Historically, Russian gas was sold to Armenia on preferential terms, and in 2014-2019, the average price per 1,000 cubic meters of gas was 165 dollars. This is about 50 percent cheaper than the price of gas sold to Europe. The Russian government subsidized the resulting difference. Along with that, for gas imported to Armenia via the Russia-Georgia-Armenia pipeline, Armenia provides Georgia with a transit fee equal to 10 percent of the cost of gas supplied to Armenia. Consequently, this increases the volume of gas that Russia sells to Armenia on preferential terms resulting in increase in losses associated with the sale of gas.

Since the beginning of 2020, a sharp drop in global demand observed due to the spread of the coronavirus pandemic has also impacted natural gas tariffs. So, starting from the first quarter of this year, gas tariffs fell sharply, and the price of natural gas sold by Russia to Europe changed and settled in the range of 65-87 US dollars per 1000 cubic meters, which is 2-2.5 times lower than the cost of gas sold to Armenia. In such situation, for obtaining cheaper gas, Armenia raised the issue of starting negotiations with Iran or revising tariffs with Russia. This would be a blow to Russia, which has always played a special role in providing Armenia with energy resources and energy security.

In general, the monopolization of the communal services industry in Armenia and limited access to external markets have led to high tariffs for utilities in the country. This factor is reflected in the consumer basket, and in recent years, the average share of utilities in the consumer basket was 17-20 percent.

The analysis demonstrates that energy security, considered as main component of the economic security of each country, is not ensured in Armenia. The energy security of Armenia is based on the Metsamor NPP, which poses a threat to the entire region. Short-term replenishment of the energy deficit as a result of replacing the Metsamor NPP is possible only at the expense of thermal power plants. Armenia is extending the operation period of the NPP, as it does not want to buy more gas from Russia and, thus, increase its dependence on gas.

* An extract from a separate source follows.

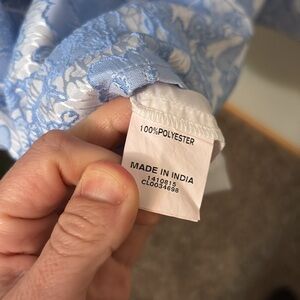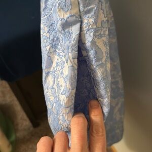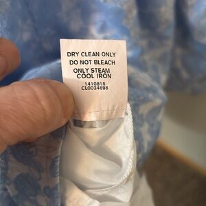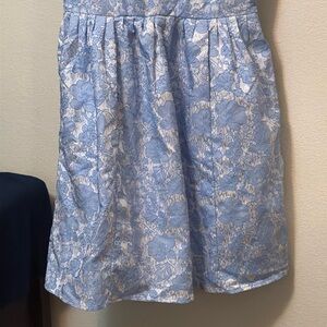 Sweetheart neckline, silver white and blue tactile raised flower print, lined. Cap sleeves. Has pockets. Side zip. No stains or damage. NWOT. size 10. Bust 18 inches length 37.5 inches hip 25 inches waist 15 inches. Seamed waist. Non stretch material. From a smoke free pet friendly home.
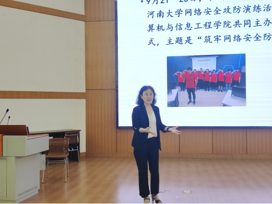 信息安全系主任杜晓玉向本科新生详细介绍了学院专业特点、课程设置、实验设备、学习方法等,并与同学们亲切互动。信息安全系谢毅老师给研究生强调了科学研究中的团队协作能力,鼓励大家加强团队协作,实现合作共赢。党委办公室负责人杜婉莹为新生详细讲解了入党流程及要求,鼓励新生听党话、跟党走。教务办副主任刘宇为本科新生详细讲解了培养方案和教学管理制度。学院资助工作负责人孙洁为新生解读了学校资助政策,鼓励大家珍惜学习机会,遇到困难及时向学院求助。数据科学系张重生老师就如何提高科研创新能力,给研究生进行了辅导。

Frequently changing foreign policy of the country has created an image of Armenia as unreliable partner at the international level, which constantly casts doubt on the energy security. Slippery political position and aggressive policy of Armenia alienated its participation in significant regional and global energy projects, and thus the country has lost transit opportunities that are geographically advantageous.